About this exercise
Return exactly the lines from the "欧洲南方天文台(ESO)的超" line through the last line of the entries below. Include no pictures.

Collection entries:
========================

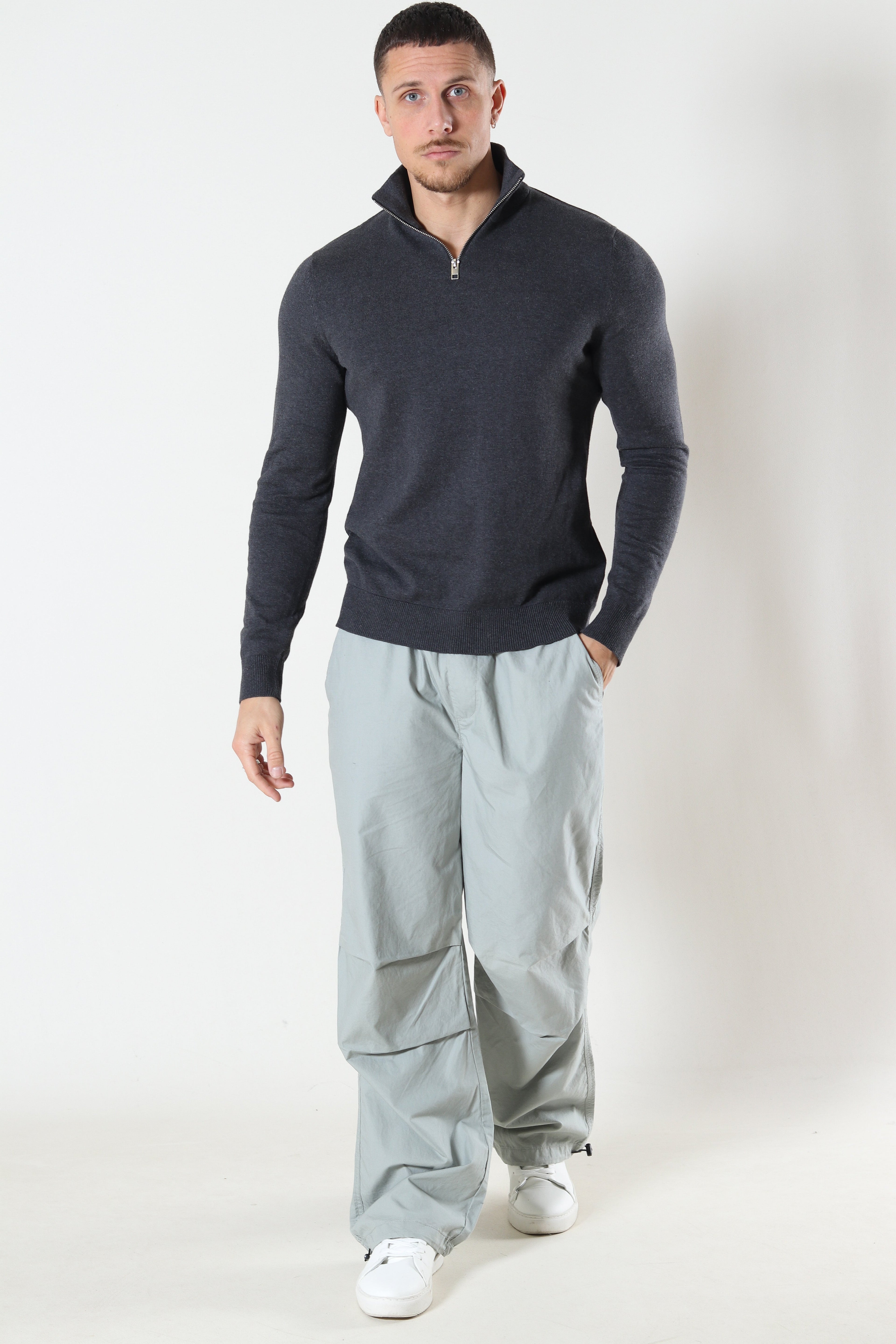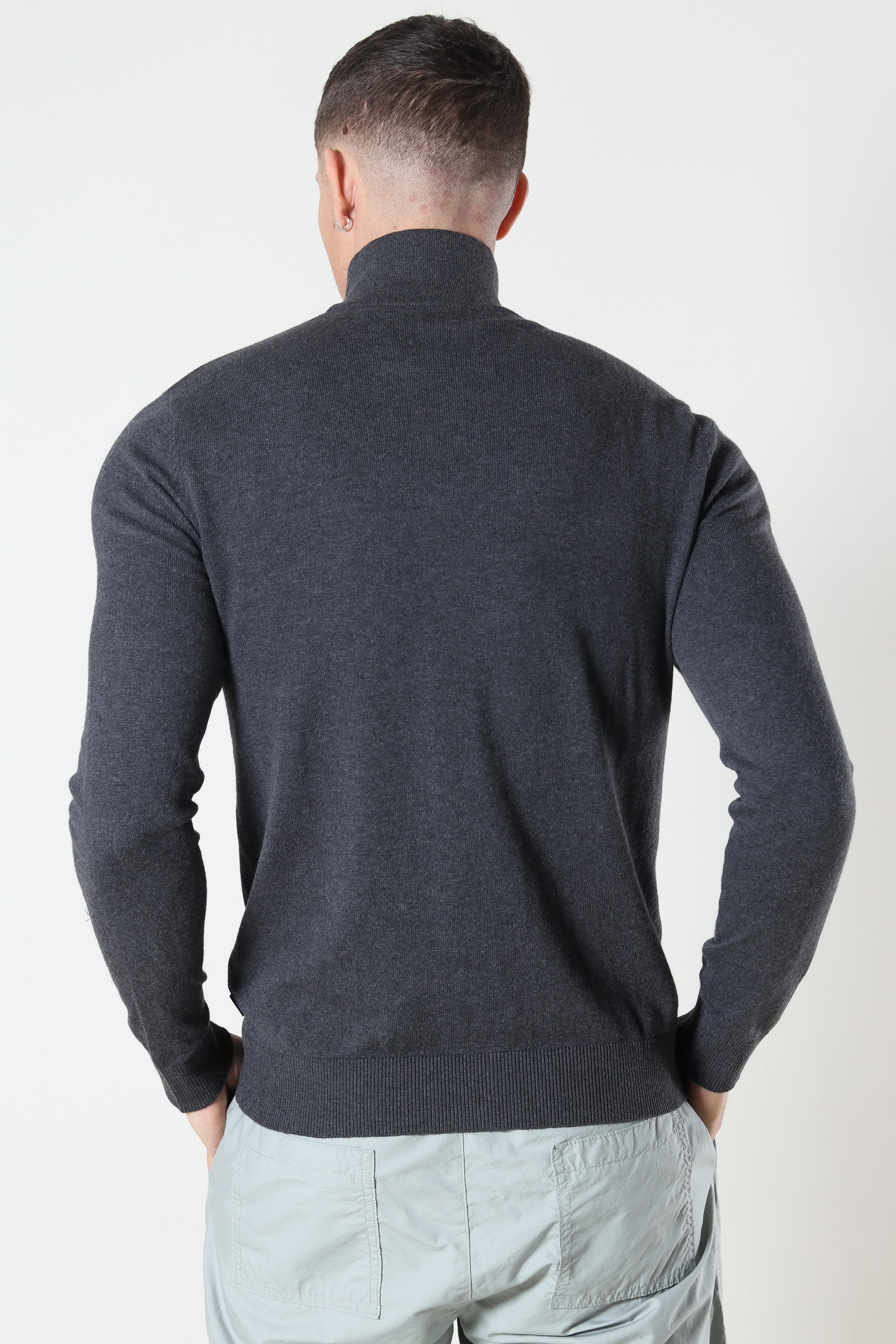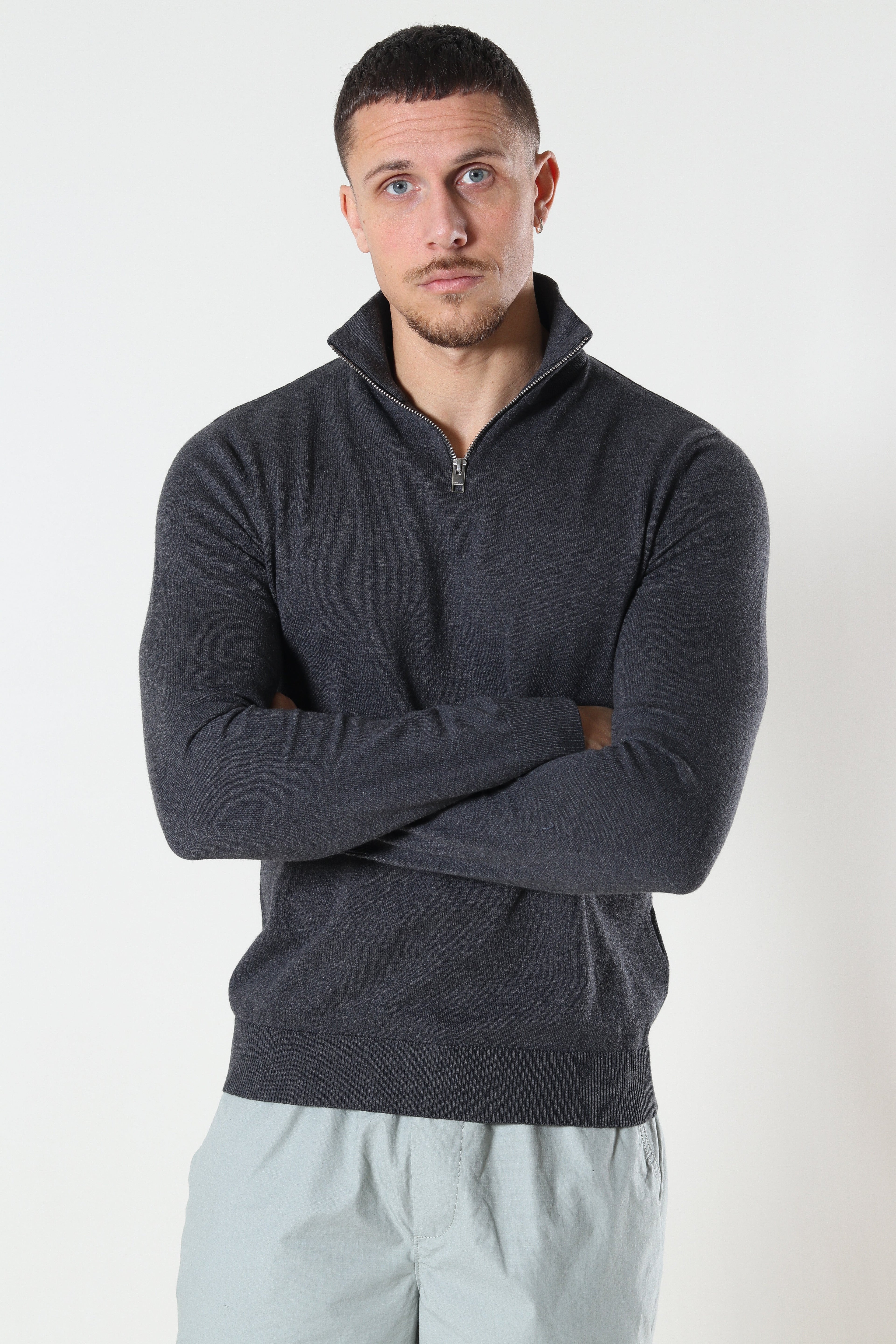 JJEEMIL KNIT HALF ZIP NOOS Dark Grey Melange
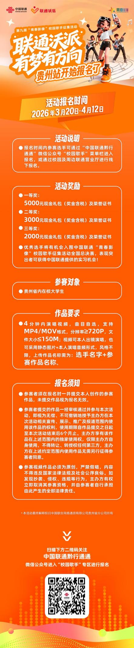 为丰富校园文化生活,展现当代青年学子昂扬向上的精神风貌,以音乐为载体传递青春正能量,近日,由共青团中央宣传部、中国电影家协会指导,中国青年报社、共青团中央网络影视中心、中国联合网络通信集团有限公司主办,中国联合网络通信有限公司贵州省分公司联合承办,联通在线信息科技有限公司协办的“联通沃派 有梦有方向”第九届“青春影像”校园歌手征集活动贵州站正式开启报名,面向贵州省各大高校在校学生发出音乐邀约,邀请广大青年学子以歌声诠释青春底色,用旋律唱响热爱与梦想。
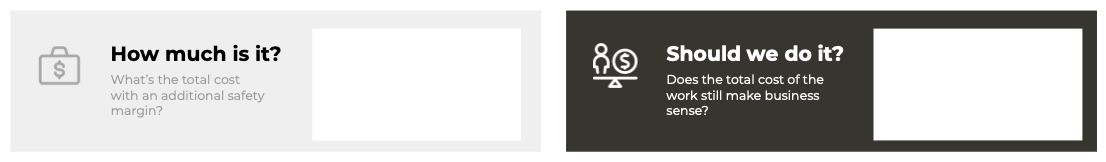 For example it helps you think about each key problem and identify smart alternatives to avoid this issue. Or the template motivates you to speak to 4 stakeholders rather than 3. And finally it adds more granularity in the cost estimation by setting a minimum and maximum.
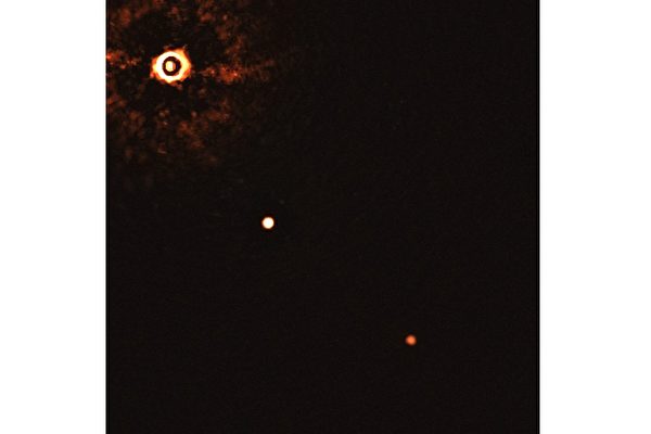欧洲南方天文台(ESO)的超大望远镜(VLT)首次拍到了两颗地外行星绕其太阳运行的照片。(ESO/Bohn)
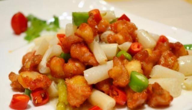 步骤4.炸好的食材先小火炒一会,然后加入上一步的淀粉水翻炒。很快会挂糊的,不要炒过了。收干了水分就可以出锅了。如果感觉淡了可以在加点盐。
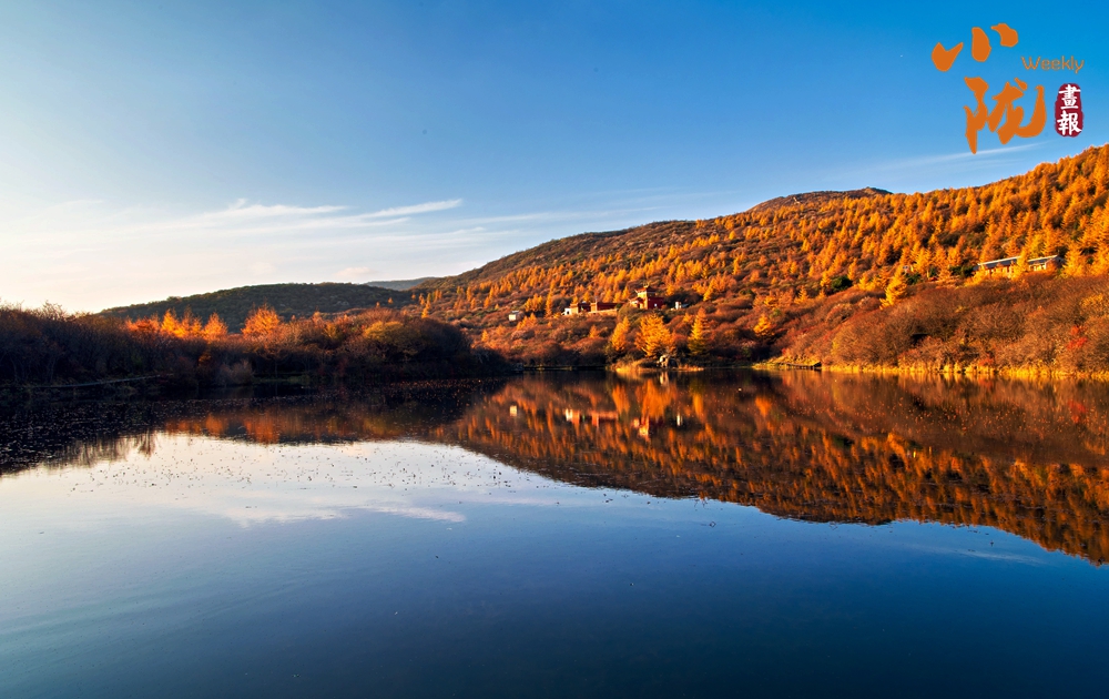 冬日黃昏的余光鋪灑在山間,山映水中,水流山間,湫映碧綠,山光水色,渾然一體,相得益彰,如詩如畫。
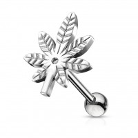Arete para perforación Tragus/Helix de acero quirúrgico 316L con figura en forma de mariguana
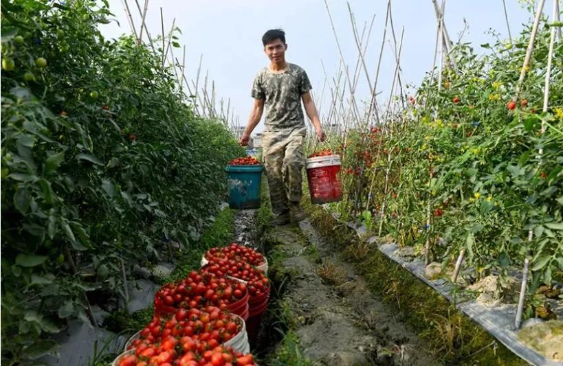 红彤彤的番茄挂满枝头,果蔬产销情况也红红火火。
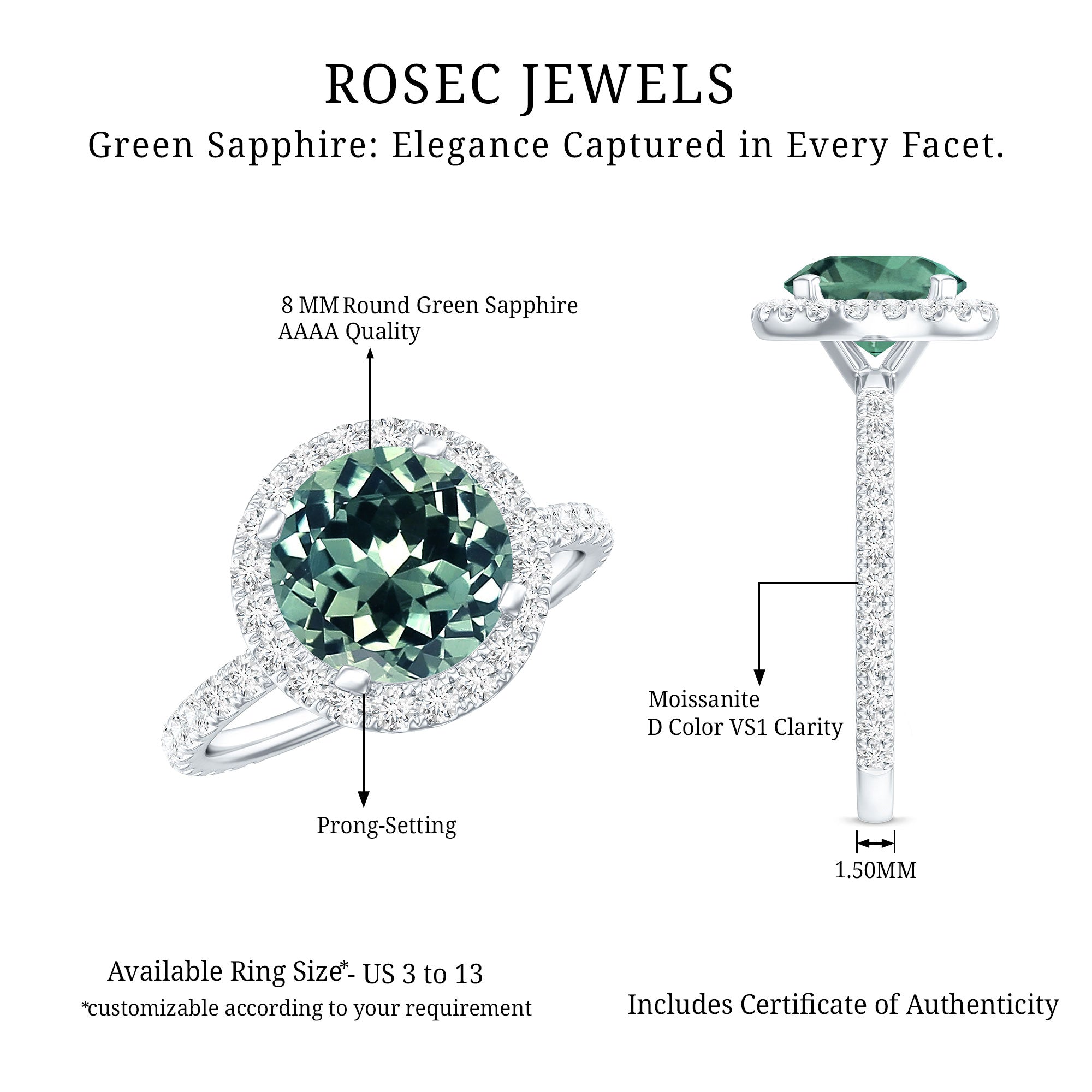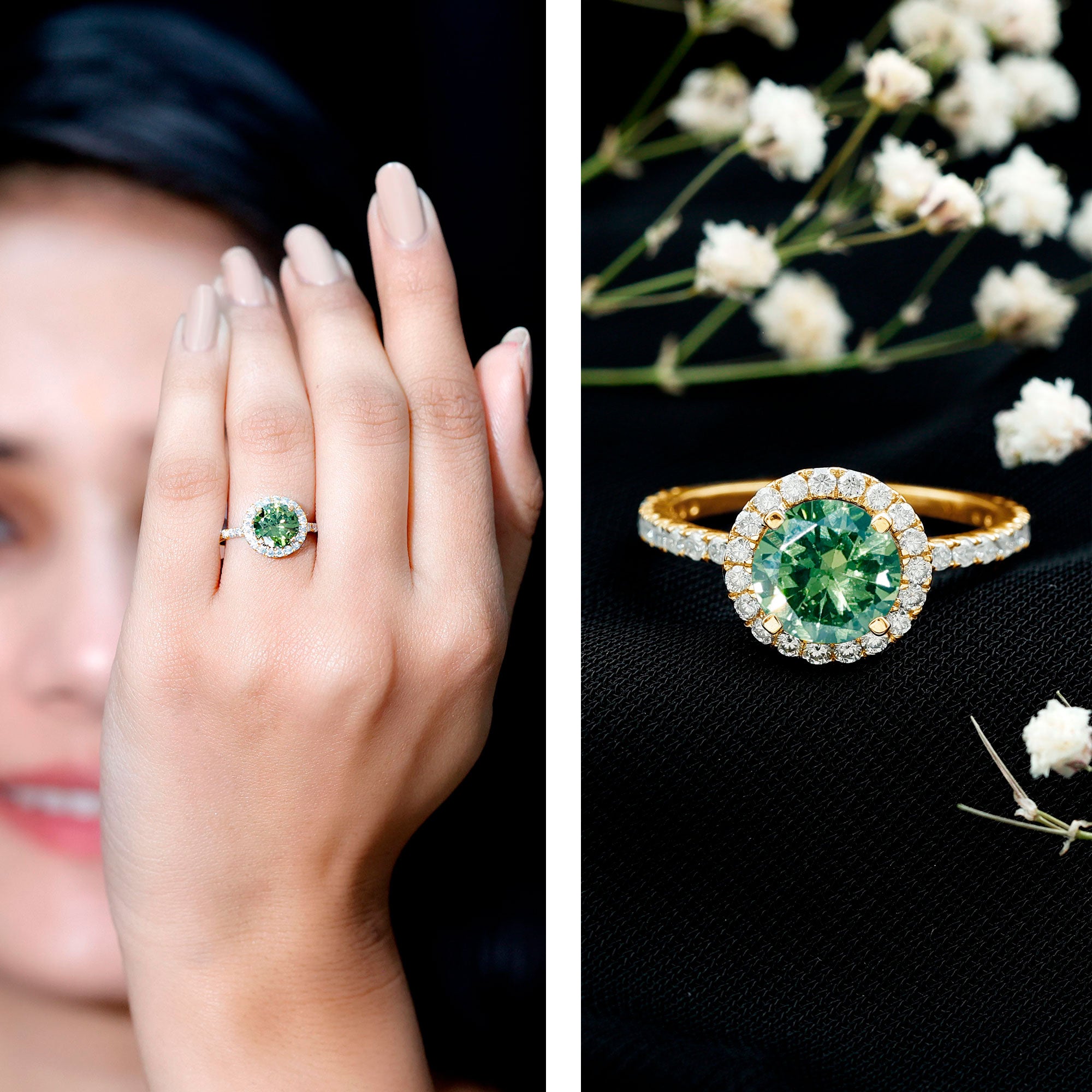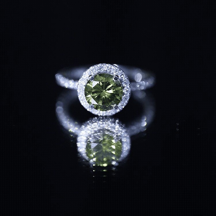Discover a timeless treasure for your beloved with this exquisite Classic Floating Halo Ring showcasing a brilliant Round Cut Created Green Sapphire and Moissanite. A true delight for any woman, this Engagement Ring provides you peace of mind and confidence in your choice.
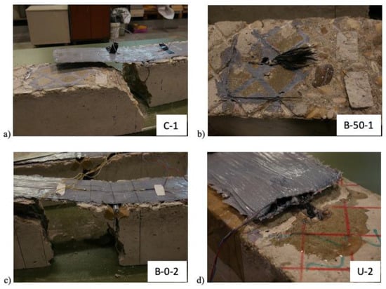 In most bonded specimens with anchors, the failure mode was debonding followed by anchor rupture, which occurred in the bending zone or in the beginning of the anchor fan. In Figure 6b, it is possible to observed that the fibres are properly impregnated, exhibiting a rupture independent from the adherence to the FRP sheet. The failure provoked by concrete splitting is caused by the apparition of an almost horizontal cracking line that diverges from the main vertical bending cracking, thus provoking concrete separation and hinders the full exploitation of the anchor, as the beam splits in two parts by the propagation of the cracking up to the bonded surface.
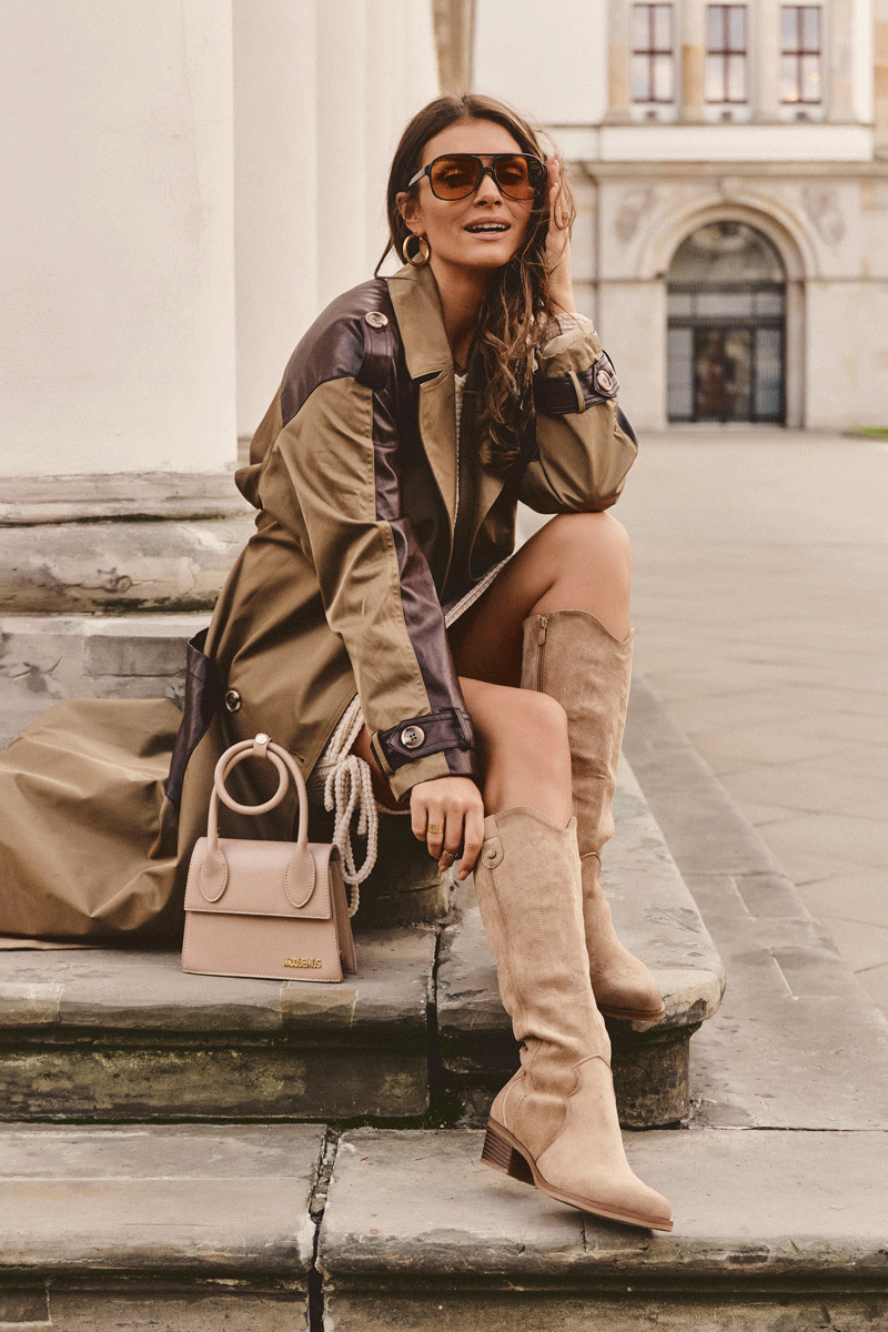 This model will steal the heart of every cowboy boots lover! Perfect for autumn styling! The model is made of soft eco suede with delicate stitches on the shaft. The boots are fastened with a zipper. Set on a low, stable heel. Insulated inside with a shoe blanket. The pointed toe will optically slim the legs. These boots have a reinforced toe box. When choosing a size, please refer to the size chart.

========================

Response box
欧洲南方天文台(ESO)的超大望远镜(VLT)首次拍到了两颗地外行星绕其太阳运行的照片。(ESO/Bohn)
 步骤4.炸好的食材先小火炒一会,然后加入上一步的淀粉水翻炒。很快会挂糊的,不要炒过了。收干了水分就可以出锅了。如果感觉淡了可以在加点盐。
 冬日黃昏的余光鋪灑在山間,山映水中,水流山間,湫映碧綠,山光水色,渾然一體,相得益彰,如詩如畫。
Arete para perforación Tragus/Helix de acero quirúrgico 316L con figura en forma de mariguana
 红彤彤的番茄挂满枝头,果蔬产销情况也红红火火。
Discover a timeless treasure for your beloved with this exquisite Classic Floating Halo Ring showcasing a brilliant Round Cut Created Green Sapphire and Moissanite. A true delight for any woman, this Engagement Ring provides you peace of mind and confidence in your choice.
 In most bonded specimens with anchors, the failure mode was debonding followed by anchor rupture, which occurred in the bending zone or in the beginning of the anchor fan. In Figure 6b, it is possible to observed that the fibres are properly impregnated, exhibiting a rupture independent from the adherence to the FRP sheet. The failure provoked by concrete splitting is caused by the apparition of an almost horizontal cracking line that diverges from the main vertical bending cracking, thus provoking concrete separation and hinders the full exploitation of the anchor, as the beam splits in two parts by the propagation of the cracking up to the bonded surface.
 This model will steal the heart of every cowboy boots lover! Perfect for autumn styling! The model is made of soft eco suede with delicate stitches on the shaft. The boots are fastened with a zipper. Set on a low, stable heel. Insulated inside with a shoe blanket. The pointed toe will optically slim the legs. These boots have a reinforced toe box. When choosing a size, please refer to the size chart.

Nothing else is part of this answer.